Packing up more archival material in the house, I found my mother’s copy of Frederick Philip Grove’s 1939 novel Two Generations. This was printed in a limited edition of 500 copies, and the Groves gave one to my mother. Grove had tutored her in French when she was a girl, and they had remained friends. In later years, my mother used to drive Mrs. Grove to University Women’s Club meetings. Grove, as you may or may not know, was a mysterious and sly protector of his own legend. He was the model for the character Felix Volkbein in Djuna Barnes’ novel Nightwood.
And I dug out the silver hot water jug my mother always said was given to my great-great-great-grandfather by Sir Walter Scott. This is an old family legend, and I won’t go into the details here (I am working on a book). But the last time I was on the farm I hadn’t yet figured out how to decode the makers’ marks.
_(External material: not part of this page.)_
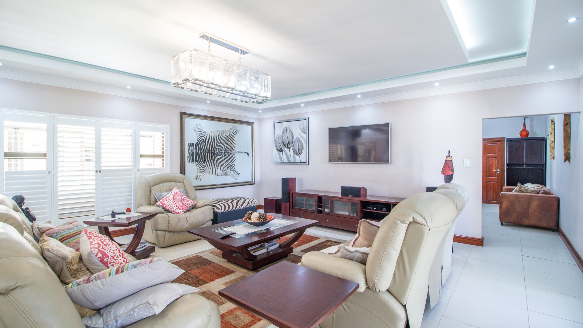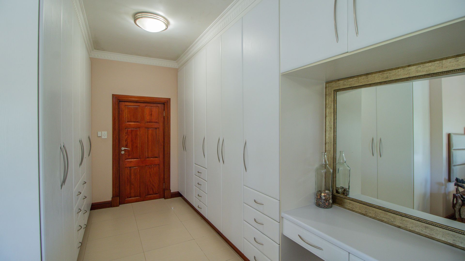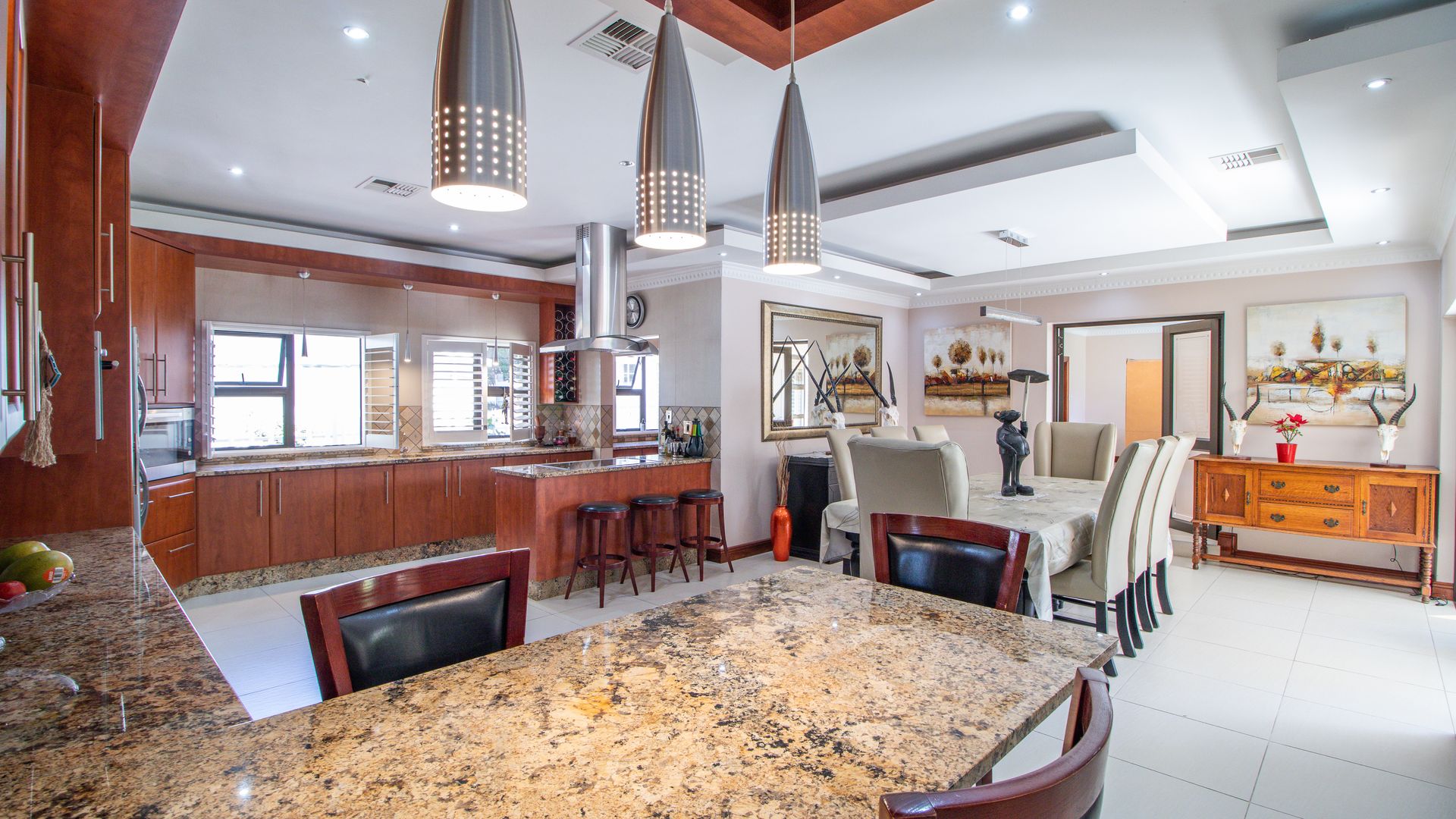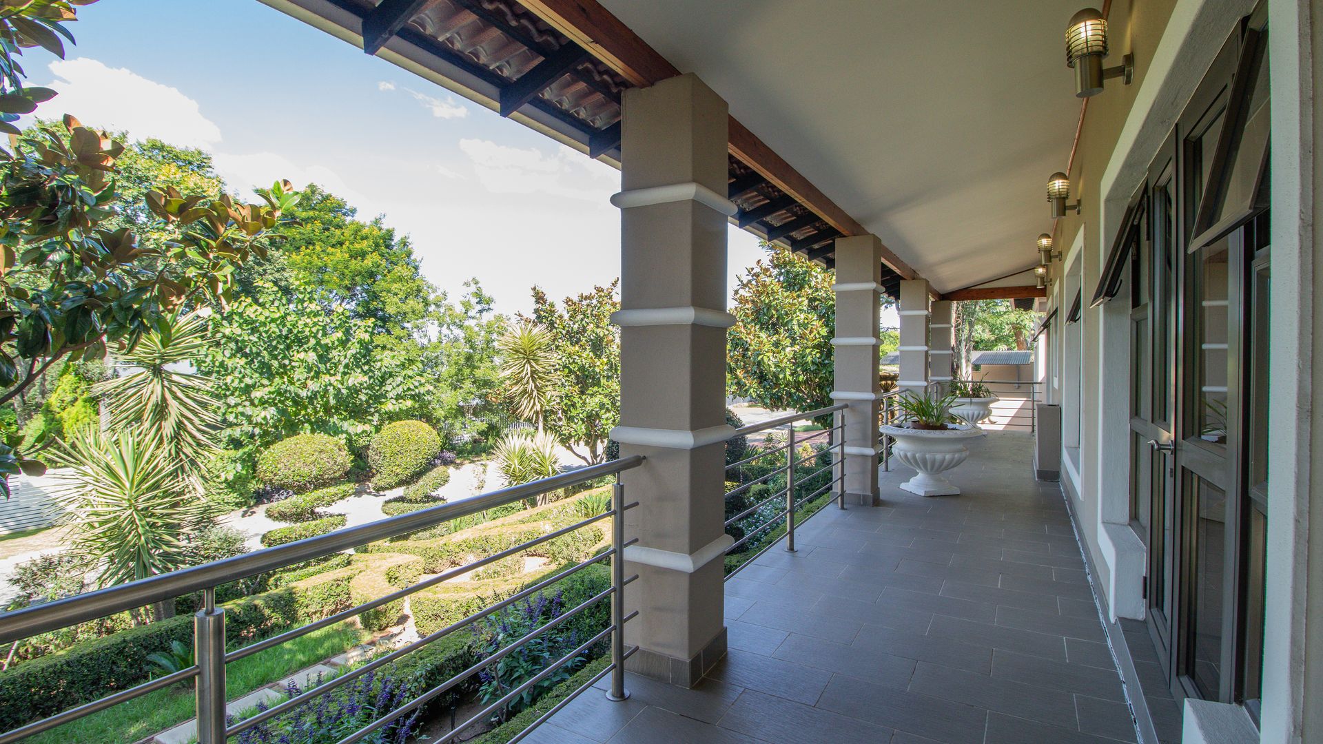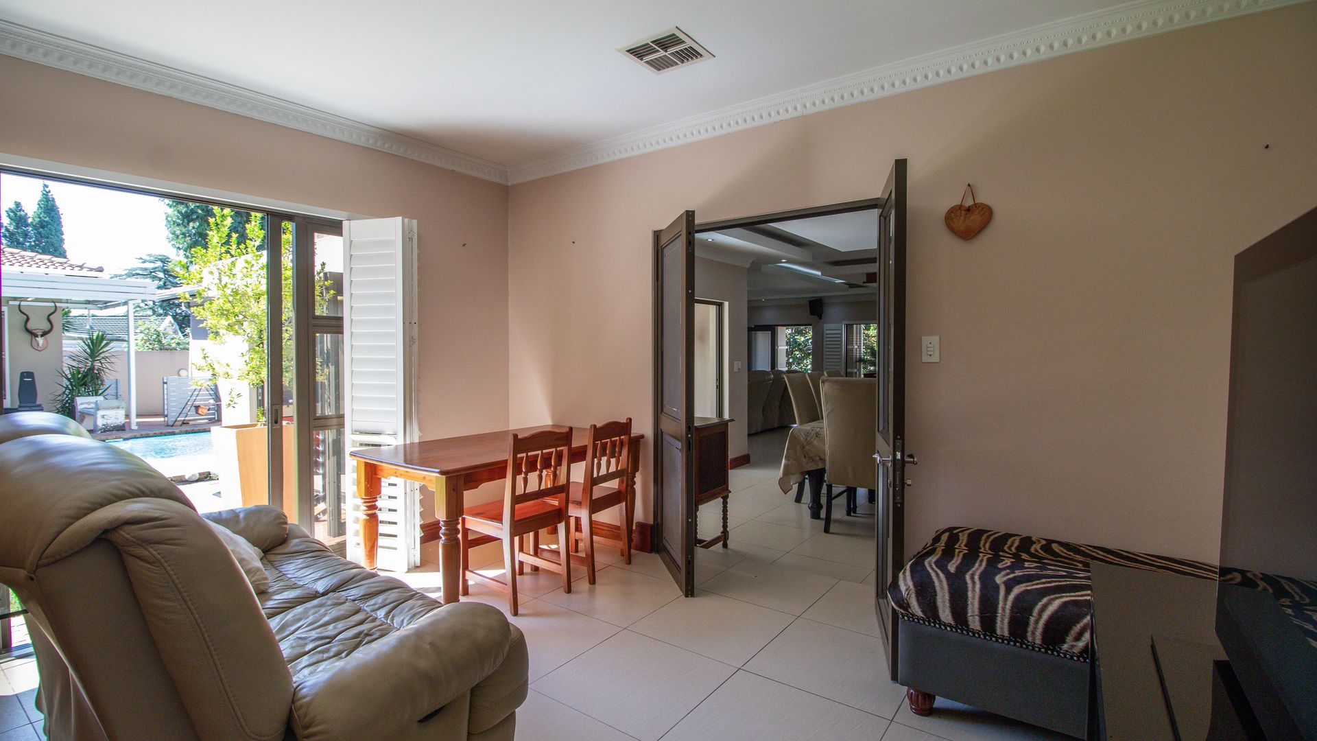 Great entertainment areas with a covered patio, built-in braai plus a separate area which includes a fitted bar, kitchenette and guest bathroom. Well positioned pool in a tranquil landscaped garden with water feature.

This time I had educated myself. The jug was made in London in 1788 of Sterling silver by a smith named Charles Hougham. This was encouraging. I had always feared that I’d find out it didn’t fit the story even circumstantially. It is a lovely thing: cane-wrapped handle, baluster-shape, with a chased rose pattern, and a hinged dome and finial.
I also had dinner one evening with my high school sweetheart (see above) and her husband, spent a pleasant hour chatting with the wife of the excavator (see above) who superintends the storage rental units, talked away an amiable evening with the poet who took over my mother’s last chickens (and contributed to the magazine), and had dinner at Hoy’s in Simcoe with Bob and Stan, two old friends and neighbours. Bob grew up on a farm just south of us; we used to play chess afternoons after school in the two-room schoolhouse we attended. Stan and I were on the same Optimist Club peewee softball team. I played third base, he was shortstop. Somehow we won a trophy, which I still have (it is with the archives).